These new aromatic compounds generated much excitement when Kekulé and others decided to apply the most recent structural theory to unveil their chemical structure. Since the empirical formula of benzene, C6H6, as well as the carbon bonding rules were already known, a variety of proposals to describe the benzene molecule were published before Kekulé's solution in 1865. In this regard, it is fair to mention the proposals by Archibald Scott Couper and Josef Loschmidt with the diallene structure, which had no experimental evidence. Furthermore, although Loschmidt reported the chemical structure of benzene as a circle to note the unknown and elusive structure in his Chemischen Studien in 1861, it was considered by Kekulé to be a misunderstanding.

It was in this context that Kekulé considered a hexagon as the solution, matching all the experimental evidences and the structural theory (Fig. 2). Whether this was the result of a dream while travelling on a bus in London or not is a matter for debate. However, there can be no doubt that the formula stemmed from a deductive method resulting in the new ring concept. As stated by Kekulé at the ceremony in Berlin in 1890 to celebrate the twenty-fifth anniversary of his proposal of benzene's structure, “Let us learn to dream, gentlemen, then perhaps we shall find the truth. But let us beware of publishing our dreams until they have been put to the proof by the waking understanding”.

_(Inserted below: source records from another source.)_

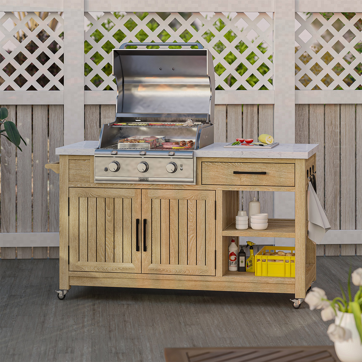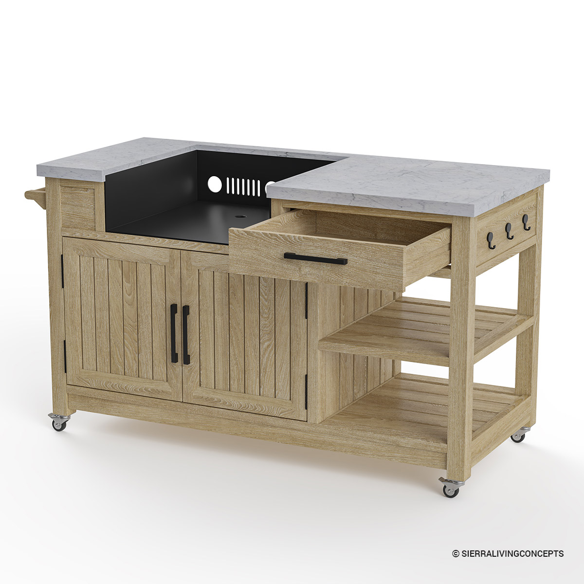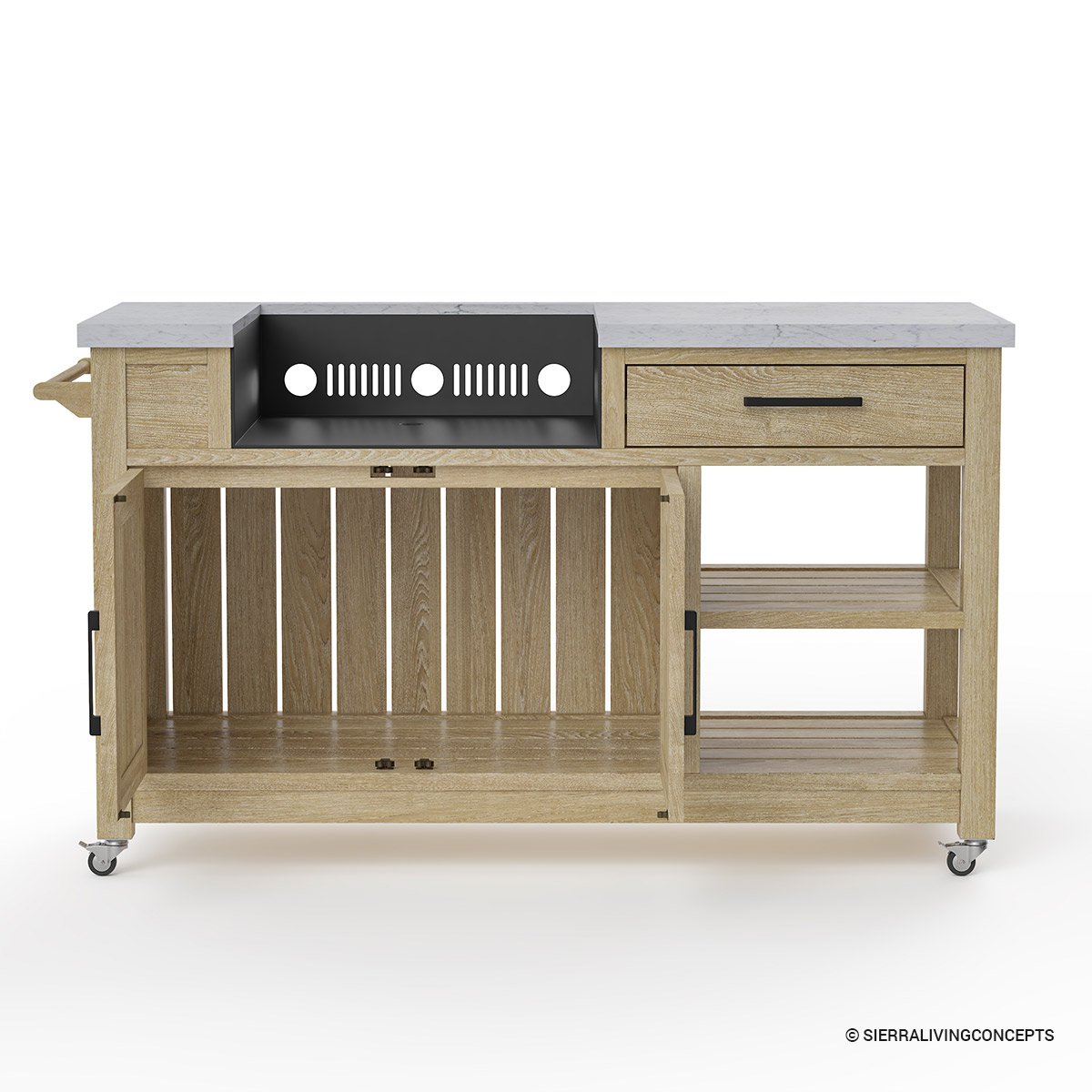 • A sleek outdoor grill space cart with storage, it combines cooking and organizing in one, featuring a light wood body and marble counter to elevate your open-air culinary setup.
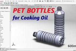 PET BOTTLE for Cooking Oil quantity 600ml there are: - Diamond model on shoulder - Thread three side - Groove on body - and Grip at the bottom Use the main command as: - Sweep Boss - Revolved Boss - Extruded Cut - Revolved Cut - Sweep Cut - Circular Pattern - Linear Pattern
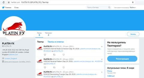 - Мошенники Platin Trading имеют аккаунты в социальных сетях
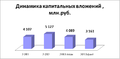 Рис. 9. Динамика объемов капитальных вложений за 2011 - 2013 гг.
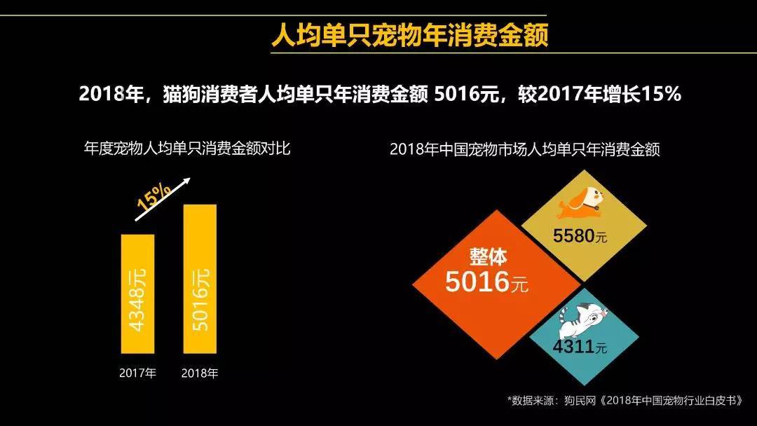 隨着人們生活水平的提升,寵物行業的消費也不斷升級,寵物主人們在寵物消費方面“絕不手軟”。經過測算,2018年貓狗人均單隻年消費金額5016元,相比2017年增長15%。
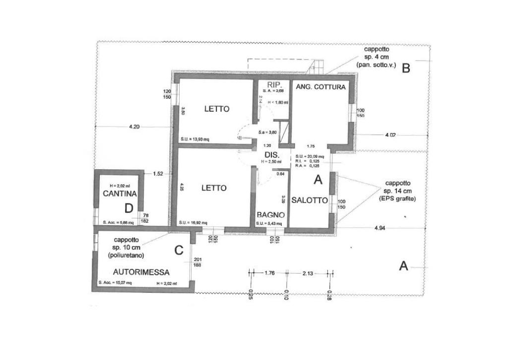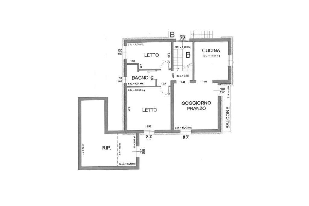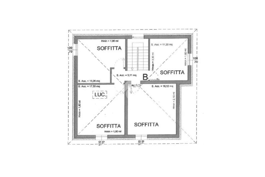 La casa è così composta: al piano terra ingresso in soggiorno, cucina abitabile, disimpegno, 2 camere da letto matrimoniali, bagno e ripostiglio. Al piano 1°: soggiorno con balcone, cucina abitabile, camera matrimoniale, camera singola e bagno. All'ultimo piano ampia soffitta suddivisibile in più ambienti abitabili.
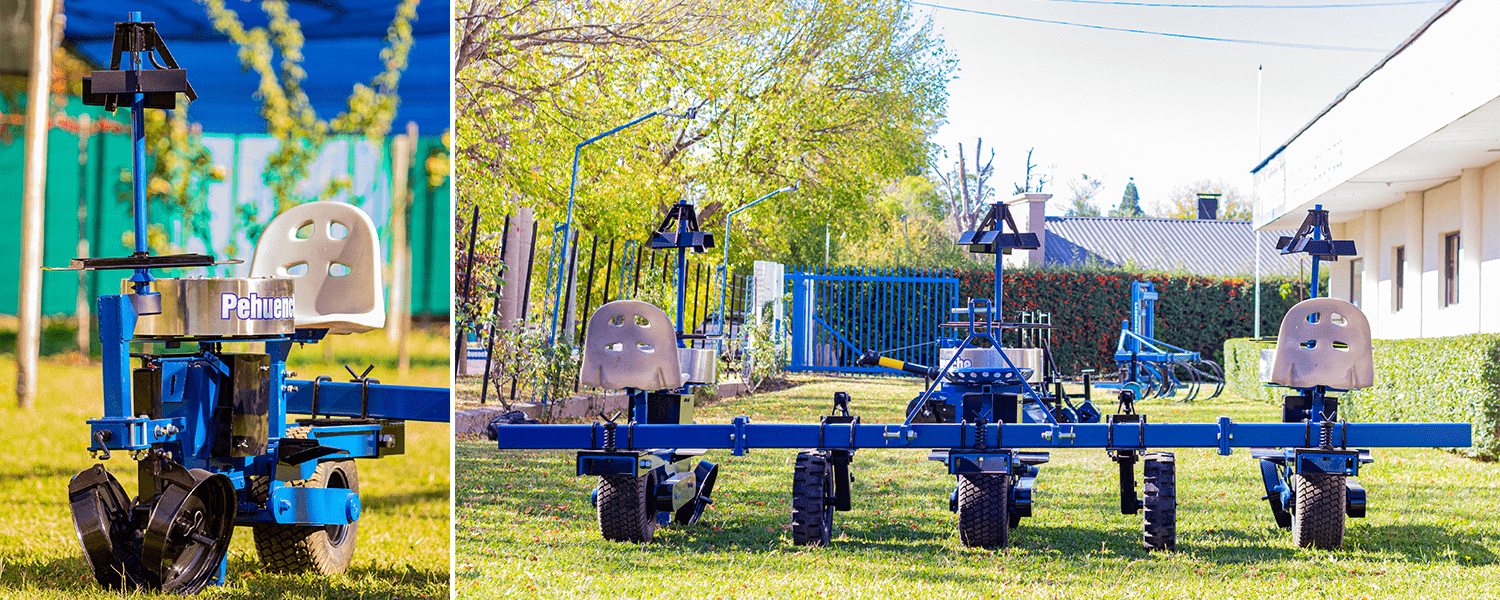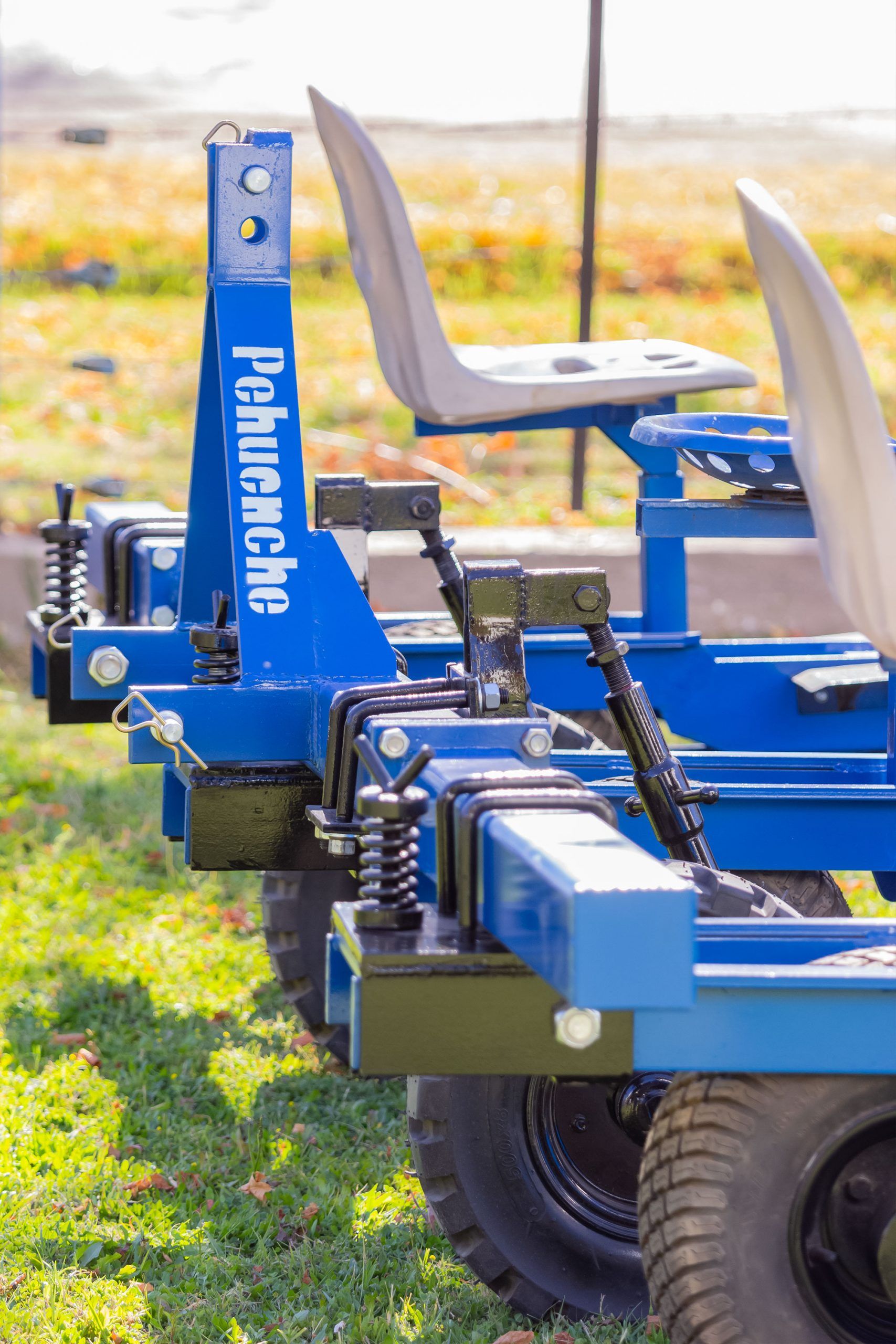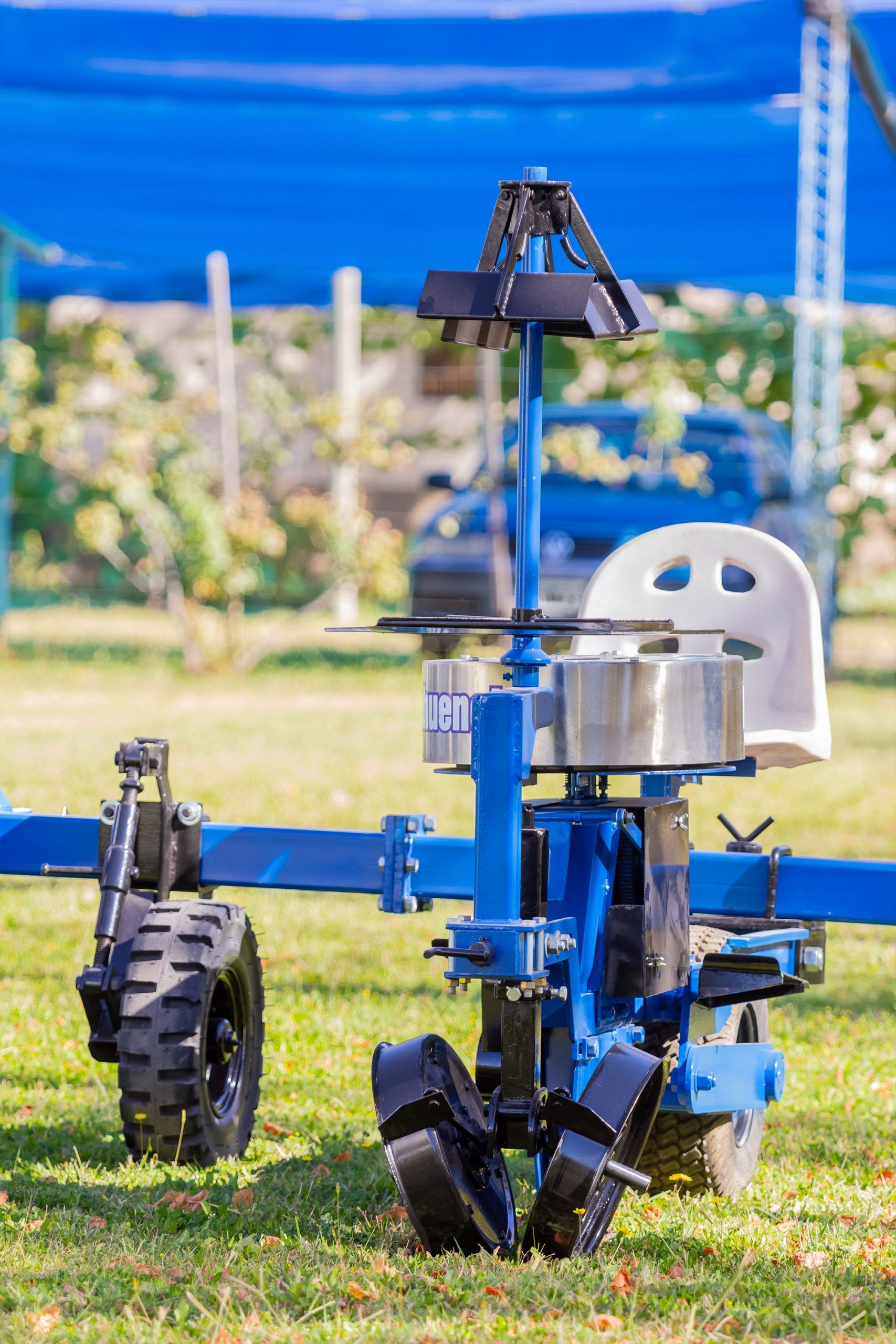 Máquina para levante hidráulico por rueda de apoyo. Abre surco preciso depositan­do perfectamente posicionado el plantín y luego tapándolo en el mismo movimiento en secuencias precisa y perfectamente reguladas y regulables.
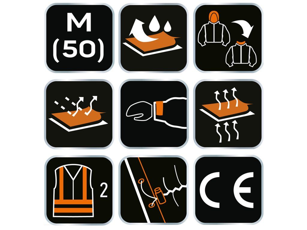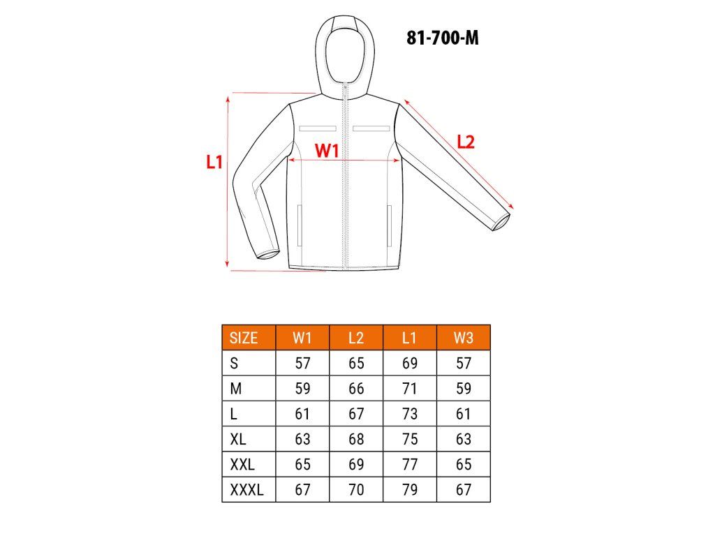 Softshellová bunda NEO (ref. č. 81-700-M) s vysokou viditelností je praktickým řešením pro zvýšení bezpečnosti uživatele, spočívající v signalizaci jeho přítomnosti za každých světelných podmínek jako za denního světla, tak i za tmy při osvětlení světlomety vozidel. Je vyrobena z vysoce kvalitního voděodolného, větruvzdorného a prodyšného softshellového materiálu. Lehká, pohodlná a zároveň teplá dokonale se hodí pro použití během studených a deštivých dnů. Integrované, nastavitelné stahování ve spodním švu a stahování na suchý zip na koncovkách rukávů umožňují udržet teplo, s maximálním pohodlím používání. Bunda se vyznačuje použitím tmavých barev v místech nejvíce vystavených znečištění. Odepínací kapuce na vnitřní straně s úpravou z pěkného a teplého fleecu. Garantem kvality je evropský certifikát a zhotovení v souladu s normou EN ISO 13688:2013. Značka NEO splňuje očekávání profesionálů.Doplňkové parametry
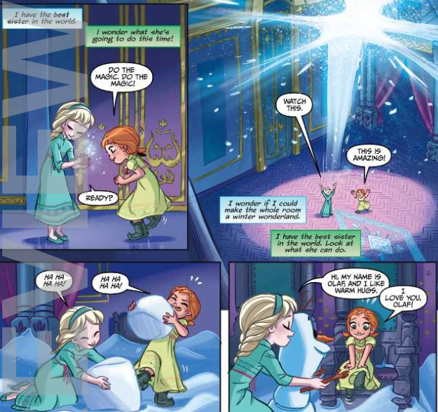 Ethos: Frozen is one of the most popular movies. The movie Frozen has earned around 1.282 billion dollars with a 90% rotten tomato rating, which is incredibly good. So many age groups have watched this movie, all my friends and all the parents I know have watched Frozen at least once. Frozen has become so popular that it has many high reviews from well-known publishing companies like New York Times or USA Today. Being featured in either one of these magazine companies is a huge deal and adds tons of publicity. Walking into the Disney store, you’ll notice that a majority of the merchandise available is Frozen themed and can be expected to be sold out in less than a day. Based on the amounts of amazing reviews this would convince anyone to read the graphic novel.

In January 1865, the recently founded Société Chimique de Paris published its “bulletin mensual” containing Kekulé's first paper entitled “Sur la constitution des substances aromatiques”. In this paper he represented benzene as a closed chain of alternating single and double bonds in a linear sausage-shape formula applicable to all the aromatic compounds. Although a bare hexagon was later used by Adolph Claus in 1866, it was eventually Hofmann who, since 1868, used the hexagon extensively to represent benzene in his position as the editor of Berichte. Eventually, the chemical structure of benzene was unambiguously established by Bragg's colleague Kathleen Lonsdale by X-ray crystallography at the Royal Institution in 1929 (Fig. 3).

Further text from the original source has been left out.